DATA SUPPLIED ::

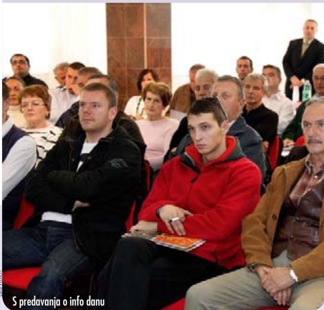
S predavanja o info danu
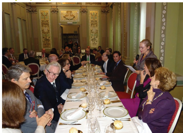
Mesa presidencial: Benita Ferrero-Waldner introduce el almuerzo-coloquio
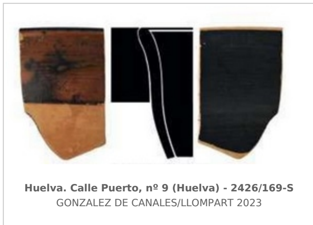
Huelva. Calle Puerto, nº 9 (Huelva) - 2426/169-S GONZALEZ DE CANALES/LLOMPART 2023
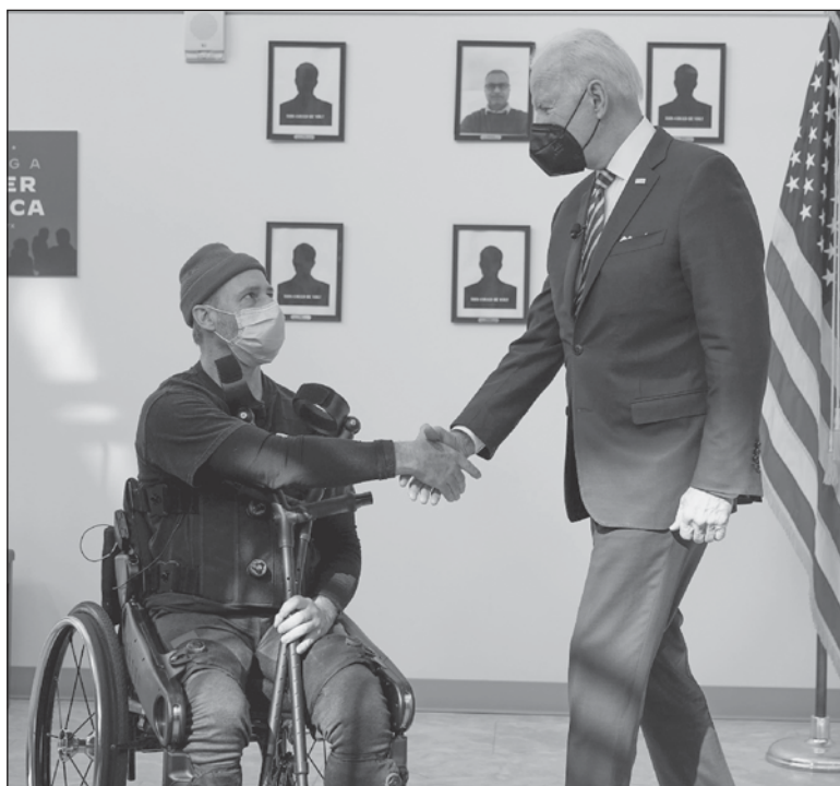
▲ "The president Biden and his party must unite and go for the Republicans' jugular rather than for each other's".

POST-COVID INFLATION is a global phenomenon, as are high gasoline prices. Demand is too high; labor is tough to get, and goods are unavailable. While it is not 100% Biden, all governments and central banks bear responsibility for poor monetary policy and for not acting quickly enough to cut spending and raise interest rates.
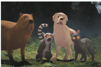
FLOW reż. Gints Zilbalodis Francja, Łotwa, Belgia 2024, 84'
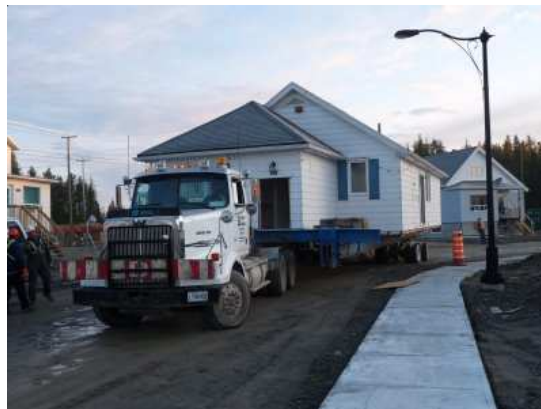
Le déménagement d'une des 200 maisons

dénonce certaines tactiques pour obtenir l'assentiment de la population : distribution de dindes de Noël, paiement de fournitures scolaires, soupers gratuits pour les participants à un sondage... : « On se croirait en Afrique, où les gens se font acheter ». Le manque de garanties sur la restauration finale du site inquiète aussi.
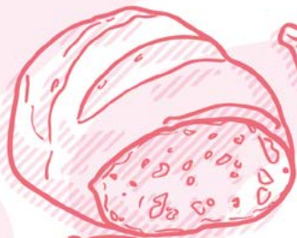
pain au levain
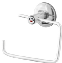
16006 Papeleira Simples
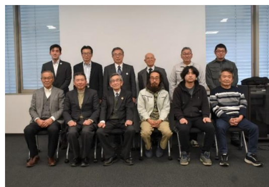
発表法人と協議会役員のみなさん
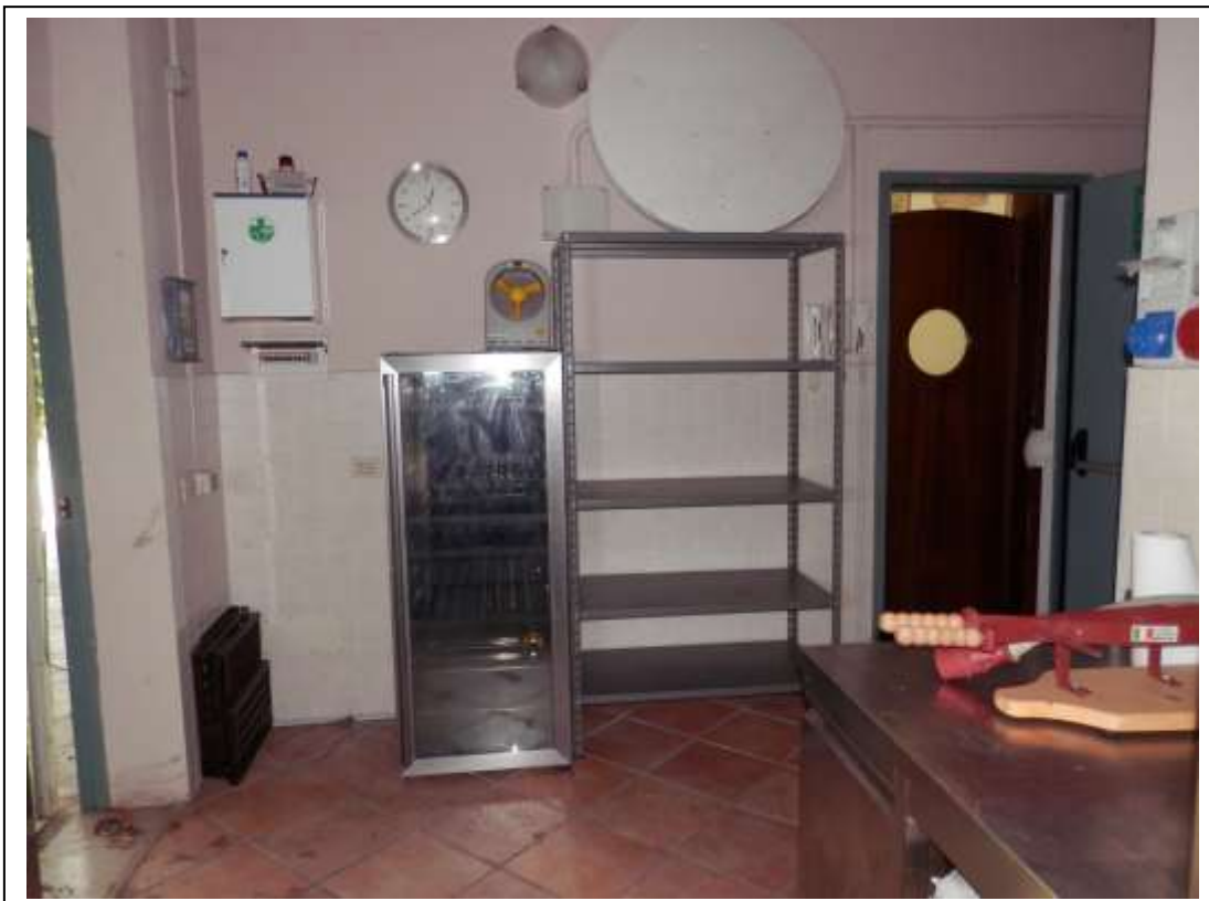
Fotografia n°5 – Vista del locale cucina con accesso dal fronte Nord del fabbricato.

WORK REQUEST ::
When you set down the material above, keep every word exact and include no pictures.

WRITTEN REPLY ::
S predavanja o info danu
Mesa presidencial: Benita Ferrero-Waldner introduce el almuerzo-coloquio
Huelva. Calle Puerto, nº 9 (Huelva) - 2426/169-S GONZALEZ DE CANALES/LLOMPART 2023
▲ "The president Biden and his party must unite and go for the Republicans' jugular rather than for each other's".

POST-COVID INFLATION is a global phenomenon, as are high gasoline prices. Demand is too high; labor is tough to get, and goods are unavailable. While it is not 100% Biden, all governments and central banks bear responsibility for poor monetary policy and for not acting quickly enough to cut spending and raise interest rates.
FLOW reż. Gints Zilbalodis Francja, Łotwa, Belgia 2024, 84'
Le déménagement d'une des 200 maisons

dénonce certaines tactiques pour obtenir l'assentiment de la population : distribution de dindes de Noël, paiement de fournitures scolaires, soupers gratuits pour les participants à un sondage... : « On se croirait en Afrique, où les gens se font acheter ». Le manque de garanties sur la restauration finale du site inquiète aussi.
pain au levain
16006 Papeleira Simples
発表法人と協議会役員のみなさん
Fotografia n°5 – Vista del locale cucina con accesso dal fronte Nord del fabbricato.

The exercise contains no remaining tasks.